Analysts’ perspectives on recovery and structural impact

Analysts caution that even with a recovery, the path back to pre-conflict output is likely to leave the region at a lower GDP level for some years. "We do not expect a simple return to the pre-war growth path," said Ralf Wiegert, head of MENA economics at S&P Global Market Intelligence. He added that while the recovery could be relatively swift, rebuilding damaged assets and restoring supply chains could take through the second half of 2026.

Beyond direct energy losses, the non-oil economy faces a second layer of shock. "The second layer of shock is the non-oil economy, especially important for Saudi Arabia, the UAE, Qatar," said Lluis Dalmau Taules, an economist at Allianz. He noted that the region had been the fastest-growing in tourism in recent years and that disruptions will affect retail and related services.


Projected rebound in 2027, conditional on conflict resolution

Economists in the poll expect a rapid rebound in 2027, but those projections assume the conflict ends in the near term and energy production and transport normalise.

  • Qatar is forecast to expand 7.8% in 2027.
  • The UAE and Kuwait are expected to grow 5.4% and 5.0% respectively next year.
  • Saudi Arabia, Bahrain and Oman are forecast to expand 4.5%, 4.3% and 2.8% respectively.

Goldman Sachs economists emphasized both the scale and unevenness of the shock: "The prolonged delay in returning to full production capacity due to damage and shut-ins will have a significant but uneven impact on GCC economies and public finances," they said. However, they also noted expectations for a robust rebound longer-term, supported by high public investment financed by a recovery in hydrocarbon revenues and high government savings.


Inflation and fiscal pressures

Steeper oil prices are contributing to global inflationary pressures that extend to the Gulf states.
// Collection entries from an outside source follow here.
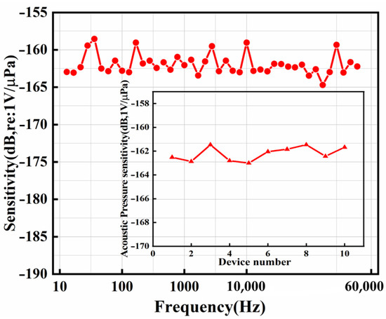 Sensitivity curve of the hydrophone under different frequencies. Sensitivity testing of multiple devices (inset).
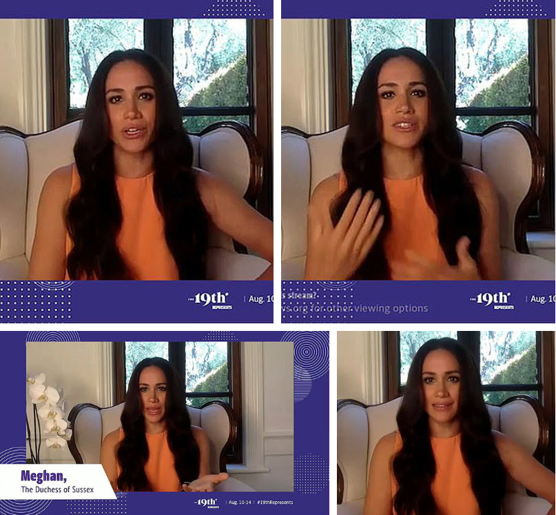 Trong lần xuất hiện mới nhất, Meghan lựa chọn chiếc đầm màu cam nổi bật, trang điểm sắc nét với mái tóc đen dài buông thả tự nhiên. Đây là lần thứ 2 Meghan xuất hiện trong vai trò người phát biểu tại một hội nghị thượng đỉnh online. Meghan bắt đầu cuộc trò chuyện bằng việc đề cập đến kinh nghiệm đối phó với phương tiện truyền thông nhiều năm qua.
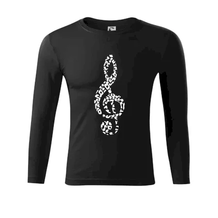 Motivy pro všechny hudebníky! Každý, komu není hudba cizí, by měl doma mít triko, na kterém je houslový klíč poskládaný z jednotlivých not. Hudební triko je vhodný dárek pro všechny muzikanty, kterým nejsou noty cizí.
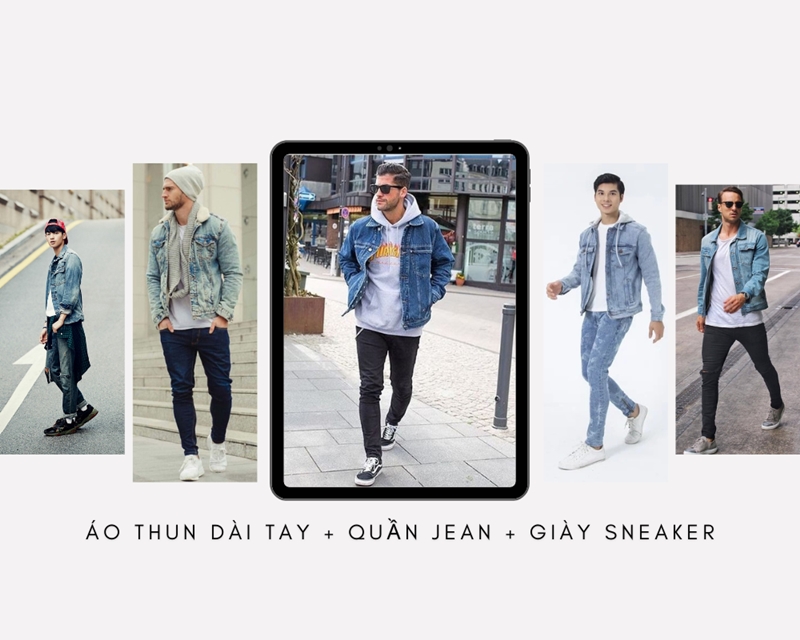 Gợi ý cho bạn Outfits: Áo thun trơn tay dài nam, áo khoác jeans, quần jeans và giày sneaker. Muốn thể hiện phong cách Smart-casual (thông minh và tinh tế) hãy sơ vin áo thun nam tay dài cùng với một chiếc thắt lưng nhỏ sẽ là một set đồ tuyệt vời dành cho bạn. Dù đang sở hữu cho mình một dáng người chuẩn hay không chuẩn thì bộ outfit này vẫn tôn lên được đường nét gọn gàng và có được guu thẩm mỹ cao.
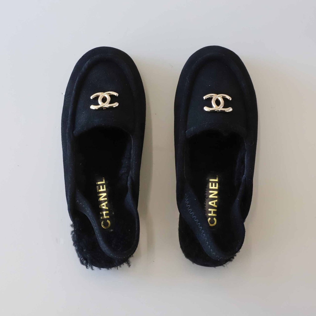 샤넬 [ C*ANEL ] 수입 스웨이드 시어링 슬리퍼 뮬
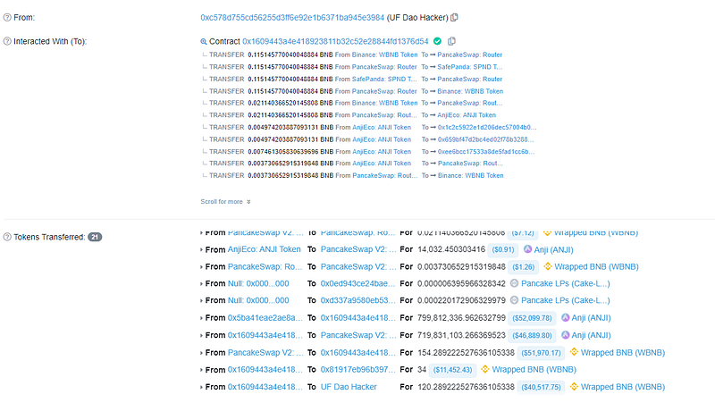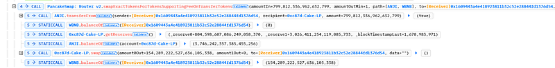 - The attacker then used PancakeSwap Router V2 to exchange the ANJI tokens for their WBNB counterpart, which resulted in the addition of 154 WBNB tokens to the attacker’s account.

Poll medians project higher inflation in several countries for 2026 compared with January forecasts:

  • Bahrain: 2.4% (up from a 1.4% forecast in January)
  • UAE: 2.6% (versus 1.9% previously)
  • Qatar: 2.6% (versus 2.0% previously)
  • Kuwait: 2.9% (versus 2.3% previously)
  • Oman: 1.7% (versus 1.4% previously)
  • Saudi Arabia: 2.0% (forecast unchanged)

Higher inflation, combined with lower hydrocarbon output and repair costs, could strain public finances unevenly across the region.
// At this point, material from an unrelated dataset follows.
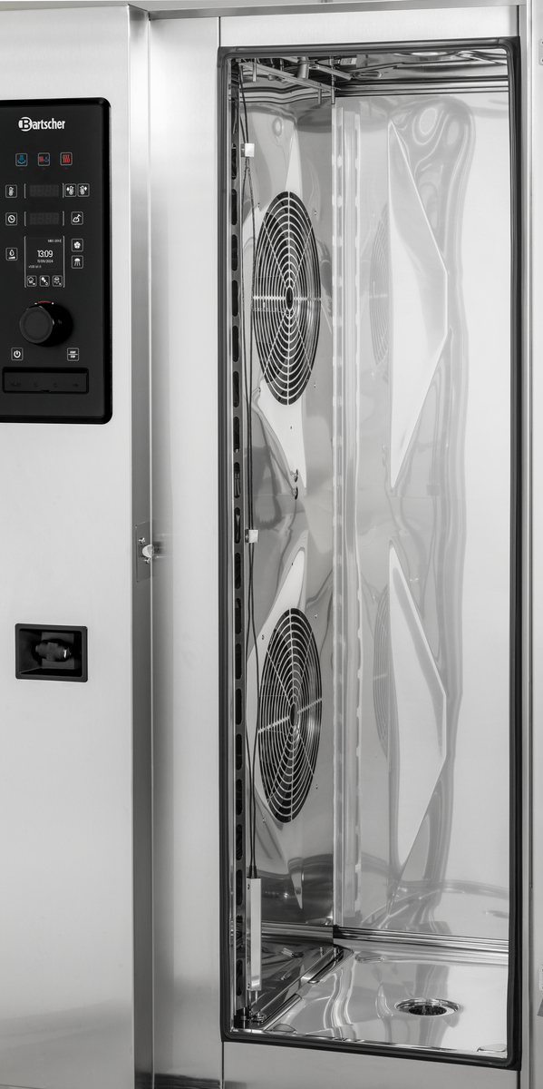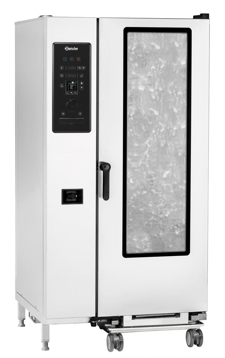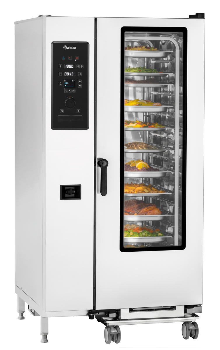 The combi-steamer with a tray trolley for 20 GN containers 1/1 GN is designed for maximum cooking in minimal space, making it ideal for producing large quantities. It is the perfect partner for preparing food in communal kitchens and large canteens. This appliance offers full functionality, including a 4-point core temperature sensor, Delta-T cooking, low temperature cooling, and a cleaning system.

Market and sector implications

The immediate shock is concentrated in energy production and transport, with knock-on effects for tourism, retail and other services in which the Gulf had seen rapid growth. Public investment is expected to play a central role in the recovery, while fiscal buffers and government savings will be important to manage the uneven impact on public finances.


Conclusion

The poll of 18 economists indicates the Gulf is facing a deep, energy-driven recession in 2026 with a potential for a strong rebound in 2027 if the conflict ends and damaged infrastructure is repaired. The scale of the downturn and the uneven recovery underscore the importance of both restoring energy capacity and addressing the hit to non-oil sectors such as tourism and retail.

Risks

  • Prolonged closure of the Strait of Hormuz or extended damage to refineries and gas plants would extend production shut-ins and deepen contractions - impacting energy production, exports and public finances.
  • A sustained hit to the non-oil economy, notably tourism and retail, could blunt recovery in countries where these sectors had been fast-growing, affecting services, employment and domestic demand.
  • Rising inflation driven by higher oil prices could increase costs for households and governments, complicating fiscal balances and monetary considerations in affected Gulf states.